Как видим, никакой просьбы о возможности возвращения Бунина в СССР тут нет. Однако Алексей Толстой понял всю трагичность положения Бунина и, что называется, взял быка за рога.

Дорогой Иосиф Виссарионович! Я получил открытку от писателя Ивана Алексеевича Бунина, из неоккупированной Франции. Он пишет, что положение его ужасно, он голодает и просит помощи…

Мастерство Бунина для нашей литературы чрезвычайно важный пример – как нужно обращаться с русским языком, как нужно видеть предмет и пластически изображать его. Мы учимся у него мастерству слова, образности и реализму.

Бунину сейчас около семидесяти лет, но он еще полон сил, написал новую книгу рассказов. Насколько мне известно, в эмиграции он не занимался активной антисоветской политикой. Он держался особняком, в особенности после того, как получил Нобелевскую премию. В 1937 году я встретил его в Париже, он тогда же говорил, что его искусство здесь никому не нужно, его не читают, его книги расходятся в десятках экземпляров.

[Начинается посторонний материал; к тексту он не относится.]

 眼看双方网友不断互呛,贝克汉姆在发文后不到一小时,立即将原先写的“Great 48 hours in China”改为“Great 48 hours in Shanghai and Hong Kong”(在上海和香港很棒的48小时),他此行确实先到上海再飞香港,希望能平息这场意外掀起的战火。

Дорогой Иосиф Виссарионович, обращаюсь к Вам с важным вопросом, волнующим многих советских писателей, – мог бы я ответить Бунину на его открытку, подав ему надежду на то, что возможно его возвращение на родину?

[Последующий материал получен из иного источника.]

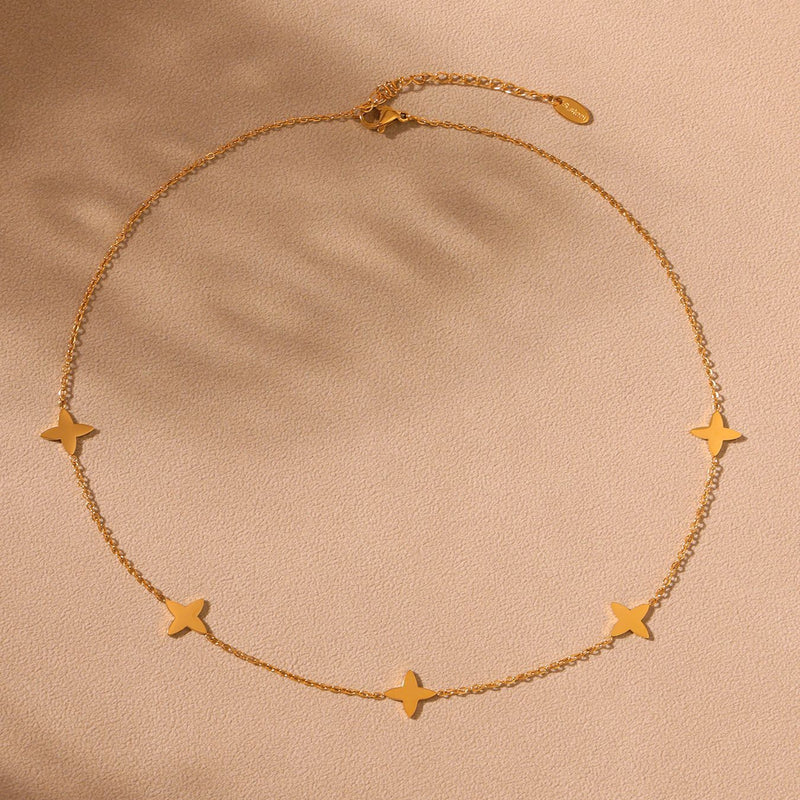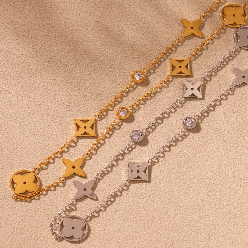 B廠-5A圓珠鋯石疊戴幸運四葉花朵小巧鎖骨鏈輕奢項鍊不鏽鋼頸鏈「P1331-P585」25.05-1

Если такую надежду подать ему будет нельзя, то не могло бы Советское правительство через наше посольство оказать ему материальную помощь. Книги Бунина не раз переиздавались Гослитиздатом.

С глубоким уважением и с любовью,

Алексей Толстой”.

Говорят, что письмо А. Толстой послал 17—18 июня 1941 года, а через три дня началась война.

* * *

На кладбище Святой Женевьевы высшей отметкой, так сказать, является, конечно, Бунин, да не покажется это обидным для всех остальных.

И все же, дойдя до Бунина, посетители спрашивают: “А где же Шаляпин? Покажите нам, пожалуйста, могилу Шаляпина”.

– А Шаляпина, – отвечают, – здесь нет. Он покоится на другом кладбище, а именно – на кладбище Батиньоль.

И я тоже, когда мы с Софьей Михайловной Зёрновой ходили между русских (20 000) могил, спросил:

– Софья Михайловна, а где же Шаляпин?

– Он на другом кладбище. На кладбище Батиньоль…

Я решил поехать к Шаляпину на кладбище Батиньоль. Парижское метро, хоть и неказисто на вид, замечательно тем, что пронизывает всю землю под Парижем, как паутина. Остановки короткие, как у московского троллейбуса. Спустившись под землю (не глубоко, не как в Москве) в любой точке Парижа, можно попасть в любую другую точку.

Покинув наземный Париж на бульваре Сен-Жермен, я вынырнул на поверхность на северной, трудовой окраине французской столицы.

В руке у меня были три белоснежные хризантемы, купленные еще в центре Парижа. (Тогда я еще не знал, что живым людям надо дарить нечетное число цветов – три, пять, семь и так далее, а в гроб или на могилу, одним словом, покойникам, приносят четное число цветов.)

Я думал так: времени у меня много, буду бродить один по французскому кладбищу, пока не набреду на великую русскую могилу. В том, что я на нее набреду, сомнений не было. Во-первых, она чем-нибудь выделяется. Во-вторых, спрошу у людей – каждый, наверное, знает. Если бы я пригласил в этот “поход” кого-нибудь из парижских знакомых, мы плутали бы по кладбищу вдвоем и, может быть, нашли бы могилу быстрее, но мне хотелось прийти одному…

Меня поразила геометрическая четкость планировки кладбища. Могилы образуют каре, прямоугольники по сорок, допустим, черных мраморных плит в каждом каре. Каре называются эскадронами. Эскадроны пронумерованы, как и каждая могила внутри эскадрона. Только по номеру и можно отыскать нужную тебе могилу.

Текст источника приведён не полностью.